In her current position Deseree enjoys access to smaller details across all areas of the business and the ability to expand her value add into operations, a luxury one does not have when running a division in a large listed corporate business.

“RBS has done various acquisitions over the years, and it continues to be one of our strengths,” she says. This is where Deseree’s experience in mergers and acquisitions and the complexity that comes with comes into play.

“It is always a challenge with mergers and acquisitions to integrate diverse cultures from often owner-managed and family businesses to that of your organisation,” she notes.

Passion for learning
Deseree has recently continued her passion for learning, especially in organisational design, by completing her MBA specialising in executive management through the Graduate School of Business at the University of Cape Town.

“The Executive MBA at GSB UCT is a transformative learning experience that not only focuses on functional management but also on developing authentic leaders.

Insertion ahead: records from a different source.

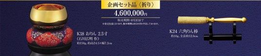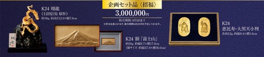 大丸福岡天神店で開催する大黄金展だけで販売する限定の企画セット品「祈り」 (4,600,000円)、「招福 (3,000,000円)もご用意しています。
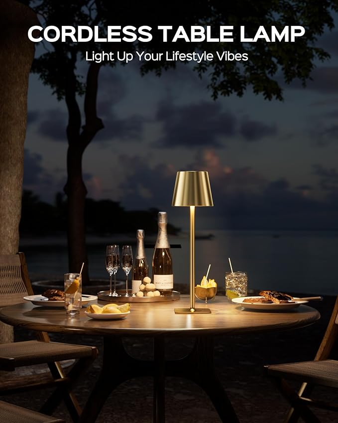 - Long-Lasting Battery and Emergency Ready: Using an embedded 5000mAh battery system, this cordless rechargeable table lamp delivers 10 to 24 hours of light and charge 4 to 5h. A reliable battery operated light for power outages,camping,or outdoor use. No cords,no fuss uninterrupted illumination for dinners,parties,or emergencies. The ultimate outdoor lamp and shower safe lighting solution.
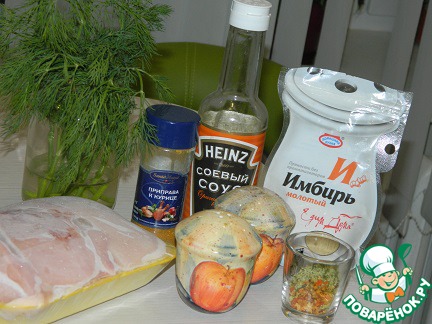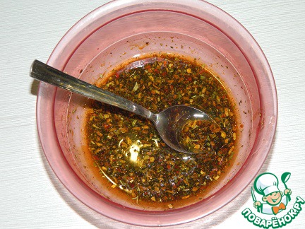Смешиваем в мисочке соевый соус, масло и смеси для мяса) у меня в составе приправ были лук, морковь, орегано, базилик, укроп, петрушка и др..
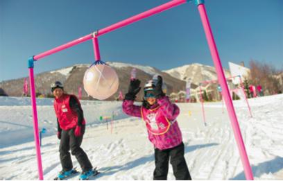 独自の教材を使って、くぐったり、たたいたり、ならしたり、遊び感覚でぐんぐんと上達するキッズスクールです。人気キャラクター「クレヨンしんちゃん」と一緒に室内、屋外の専用ゲレンデで楽しいレッスンを行います。

It is where I learned and refined my own practice of reflection, being present and even meditation,” she says. Her thesis topic was: “The remote workforce and organisational design conundrum”.

Deseree will be publishing and presenting on various platforms on the findings of her research. She is adamant that organisational design as practice is not fully understood by organisations and practitioners alike.

“Organisations are complex and organisational design is complex. Add remote work into the mix and you soon realise that a cookie cutter approach to your remote work implementation is not going to work. Organisational design is also not just about creating an organogram and filling the blocks,” she says.

Her extensive experience in dealing with complex HR challenges coupled with her knowledge of business operations and her studies is seeing her current role evolving further: “I'm currently heading various exciting digitisation projects as well as caretaking some operational teams in addition to the HR portfolio. My focus is on process efficiencies and performance metrics. What are we doing, how are we doing it, why are we doing it, how do we measure it, etc. It is about connecting the dots across the organisation and understanding how a change in one area impacts somewhere else. It is about answering questions on how we design the organisation and all its parts to ensure strategy execution,” she says.

Deseree adds that maintaining the culture of an organisation during a pandemic has weighed heavily on the team. Organisational culture combined with other factors resulted in RBS adopting a work-from-office philosophy, yet allowing flexibility where needed, she says.

She highlights the importance of building an organisational culture of trust in this new world of work: “Without leading from a place of mutual trust any flexible working solution is not going to be successful,” she says.